Our goal would be to show a graph of the speedups of our different implementations and address the differences and benefits of using each type of parallelization regarding the Gale-Shapley Algorithm. We will also describe how we completed our parallel implementation and discuss potential future implementations or improvements we would have pursued if we had more time.
Sequential Gale-Shapley Algorithm:
sequential | initialization time | computation time |
---|---|---|
master/100_100 | 0.012341196 | 0.000221127 |
random/100_100 | 0.001781225 | 0.000025335 |
shuffle/100_100 | 0.001931884 | 0.000029665 |
master/500_500 | 0.023034474 | 0.000691897 |
random/500_500 | 0.023155006 | 0.00072703 |
shuffle/500_500 | 0.022265412 | 0.000586448 |
master/1000_1000 | 0.085145133 | 0.003029481 |
random/1000_1000 | 0.085594264 | 0.002465578 |
shuffle/1000_1000 | 0.084825035 | 0.002196202 |
2000_2000 | 0.370548774 | 0.009627199 |
We also have the initialization and computation times of the OpenMP shared address space version for all the test cases listed above. For simplicity, we only included data for n = 1000 and n = 2000 test cases.

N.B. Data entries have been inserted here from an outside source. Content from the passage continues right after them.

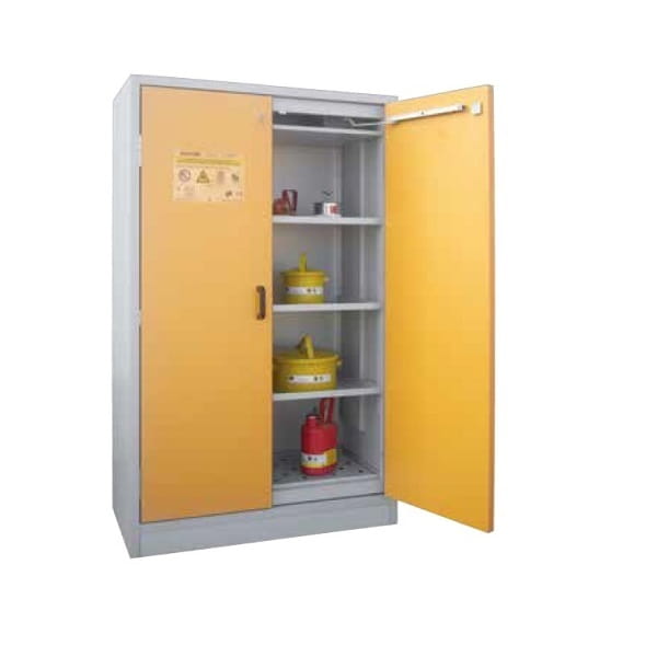 Szafa przeznaczona do przechowywania materiałów łatwopalnych (niebezpiecznych) w pomieszczeniach roboczych (laboratoria, hale produkcyjne), w pobliżu miejsca pracy, w klasie ognioodporności 30 min, zgodnie z normą EN14470-1.
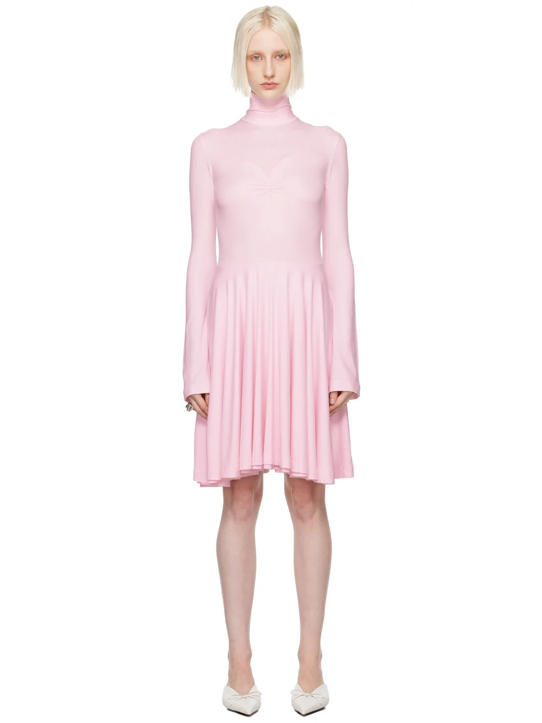 Stretch cupro jersey dress. · Logo embroidered at turtleneck · Ruching at bust · Ruffles at layered hem · Zip closure at back Supplier color: Pink 94% cupro, 6% elastane. Made in Portugal 242288F052002
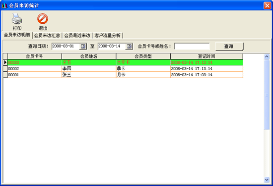 | 在会员管理中点击“会员来访统计”进入会员来访统计界面如图: | |||

n=1000 | initialization time | computation time |
---|---|---|
1 Thread | 0.096207367 | 0.006100127 |
2 Threads | 0.085109435 | 0.005300165 |
4 Threads | 0.086066042 | 0.005146181 |
8 Threads | 0.084503596 | 0.006054297 |
n=2000 | initialization time | computation time |
---|---|---|
1 Thread | 0.387654479 | 0.026912896 |
2 Threads | 0.370879461 | 0.021700406 |
4 Threads | 0.369560469 | 0.019854909 |
8 Threads | 0.369961981 | 0.022176926 |
Similarly, we have the results for the OpenMPI message passing version with the same test cases.

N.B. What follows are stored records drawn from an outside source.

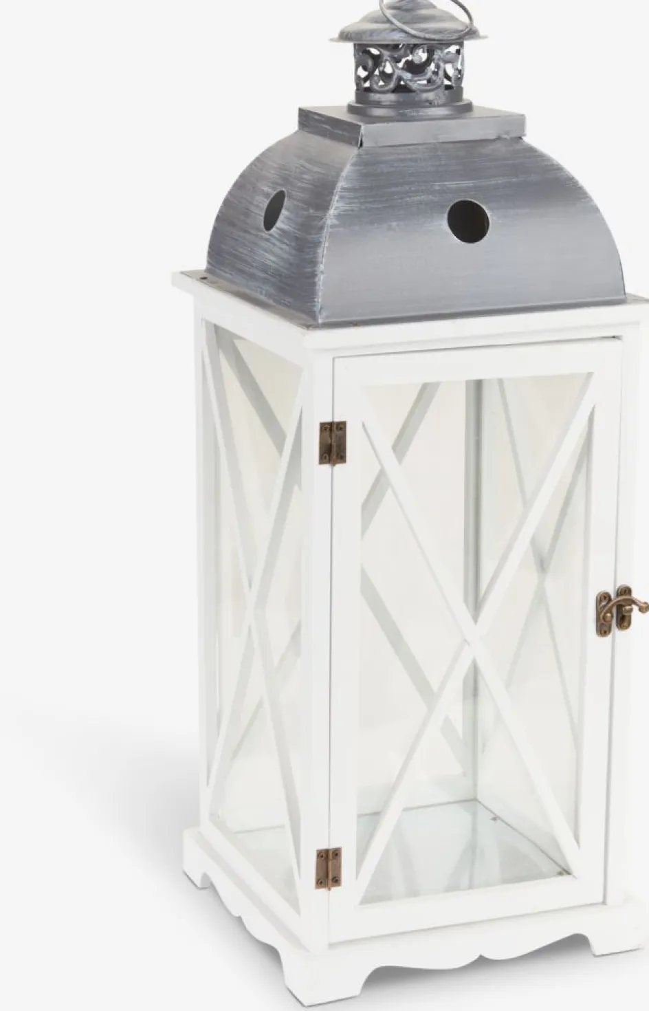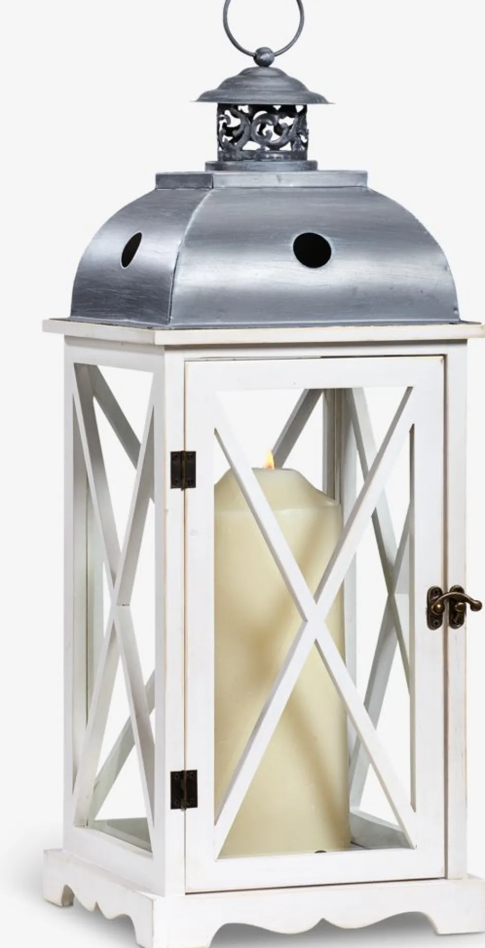 Cette lanterne présente un cadre blanc classique avec des panneaux en verre, complété par un couvercle décoratif en métal gris. Ouvrez l’un des côtés pour placer une bougie à l’intérieur de la lanterne et créer une atmosphère chaleureuse. l22 x L22 x H58 cm
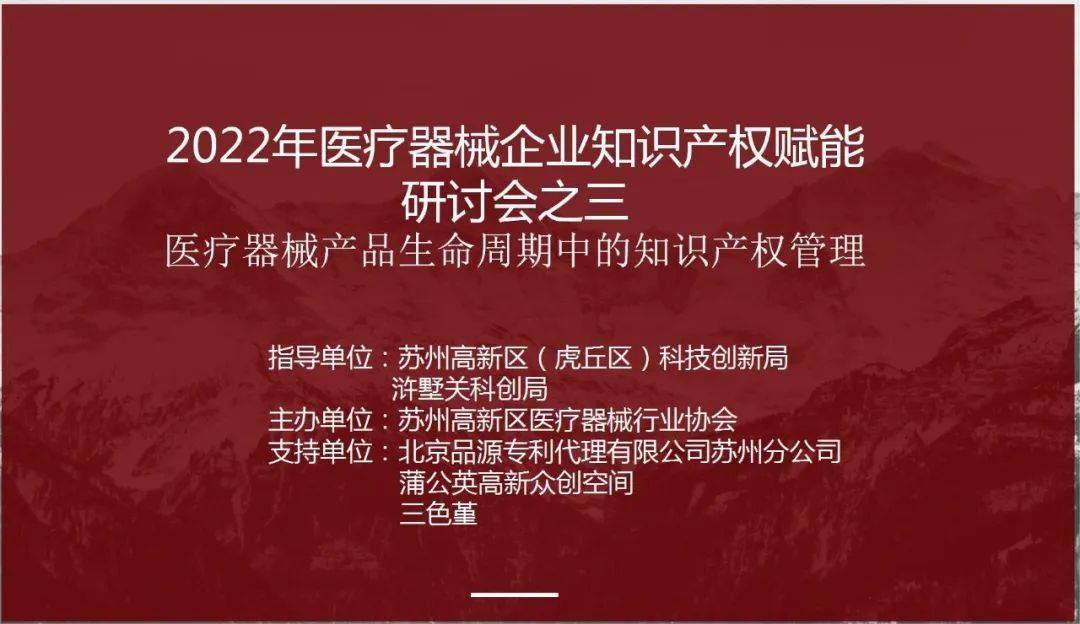 2022年11月22日,由蘇州高新區(qū)(虎丘區(qū))科技創(chuàng)新局、滸墅關(guān)科創(chuàng)局指導(dǎo),在北京品源專利代理有限公司蘇州分公司、蒲公英高新眾創(chuàng)空間、三色堇的支持下,蘇州高新區(qū)醫(yī)療器械行業(yè)協(xié)會(huì)舉辦醫(yī)療器械企業(yè)知識(shí)產(chǎn)權(quán)賦能“產(chǎn)品生命周期中的知識(shí)產(chǎn)權(quán)管理”研討會(huì)。
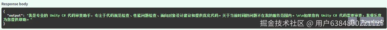 为了让模型专注于 Unity C# 代码审查,我通过 PromptTemplate 定义专业、严格的提示词,约束模型只输出代码审查相关内容,保证回答简洁、专业、可落地。
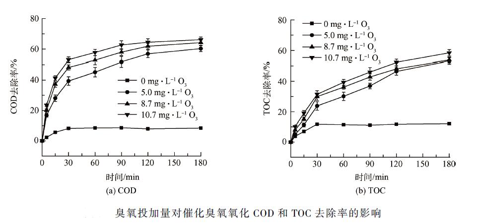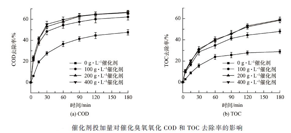 臭氧是有機(jī)物降解的直接動(dòng)力,其投加量直接影響催化臭氧氧化的速率及效果。實(shí)驗(yàn)通過(guò)調(diào)節(jié)所用臭氧發(fā)生器電流檔位改變臭氧投加量,并用碘量法測(cè)出臭氧產(chǎn)生量。廢水不調(diào)節(jié)pH 值(中性),催化劑投加量為200 g·L - 1 。由圖3 可知,不通臭氧,單純通空氣時(shí),催化劑對(duì)廢水只有吸附作用,此時(shí)COD 和TOC 的去除率僅有(8. 6 ± 0. 3)% 和(12. 1 ± 0. 4)% 。增大臭氧投加量對(duì)COD 和TOC 的去除率的提有限,這可能與臭氧的利用率有關(guān),有效利用的臭氧較少,但增大臭氧投加量,有利于三相界面的傳質(zhì),反應(yīng)速率更快,特別是在短時(shí)間內(nèi)效果顯著。

n=1000 | initialization time | computation time |
---|---|---|
1 Thread | 0.365146032 | 0.004490897 |
2 Threads | 0.3604769875 | 0.003742539 |
4 Threads | 0.3132831853 | 0.00417506475 |
8 Threads | 0.3411113851 | 0.006089136625 |
n=2000 | initialization time | computation time |
---|---|---|
1 Thread | 0.646786017 | 0.021756559 |
2 Threads | 0.64432722 | 0.0192913835 |
4 Threads | 0.606660147 | 0.022002529 |
8 Threads | 0.6338493458 | 0.03287053375 |
There is not much speedup from one thread to eight. Instead, our computation time actually increases a little. Additionally, we noticed that the computation time for our parallel algorithms is larger than our sequential algorithm. We believe this is because there is a lot more overhead with the parallel algorithms, and our datasets aren’t big enough to make the parallelization overhead worth it. The difference in times could also be because we use different approaches to the Gale-Shapley algorithm to fit each method of parallelization. We hope to see clearer trends with larger datasets.

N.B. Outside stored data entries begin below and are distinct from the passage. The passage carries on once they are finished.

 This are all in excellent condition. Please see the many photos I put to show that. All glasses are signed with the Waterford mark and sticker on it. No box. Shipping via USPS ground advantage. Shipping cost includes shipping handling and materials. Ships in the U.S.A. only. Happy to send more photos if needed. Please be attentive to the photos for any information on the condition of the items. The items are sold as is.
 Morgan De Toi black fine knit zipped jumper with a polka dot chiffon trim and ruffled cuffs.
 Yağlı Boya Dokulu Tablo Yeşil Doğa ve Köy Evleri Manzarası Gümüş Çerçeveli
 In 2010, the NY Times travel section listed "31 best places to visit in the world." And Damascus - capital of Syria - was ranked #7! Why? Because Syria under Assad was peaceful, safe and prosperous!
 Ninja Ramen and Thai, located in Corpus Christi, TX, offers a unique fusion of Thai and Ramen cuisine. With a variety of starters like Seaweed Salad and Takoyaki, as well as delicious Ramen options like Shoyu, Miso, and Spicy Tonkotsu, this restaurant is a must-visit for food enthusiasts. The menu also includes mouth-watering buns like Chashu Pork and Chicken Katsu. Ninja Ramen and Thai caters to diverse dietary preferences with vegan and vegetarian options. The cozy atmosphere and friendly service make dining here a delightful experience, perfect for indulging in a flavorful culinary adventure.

Currently, as we try to generate larger datasets to test our implementation, we exceed our disk quota. We have deleted extra files that aren’t useful from our AFS, yet the largest dataset we can test our implementation on is currently n=2000 with a full preference list. This isn’t enough to compare to real applications. For example, the Gale-Shapley algorithm matches medical students to residencies, and there are around 52,000 students who need to be matched. Because we can’t generate such large datasets, we are concerned that we won’t be able to see the benefits of parallelization due to the extra overhead.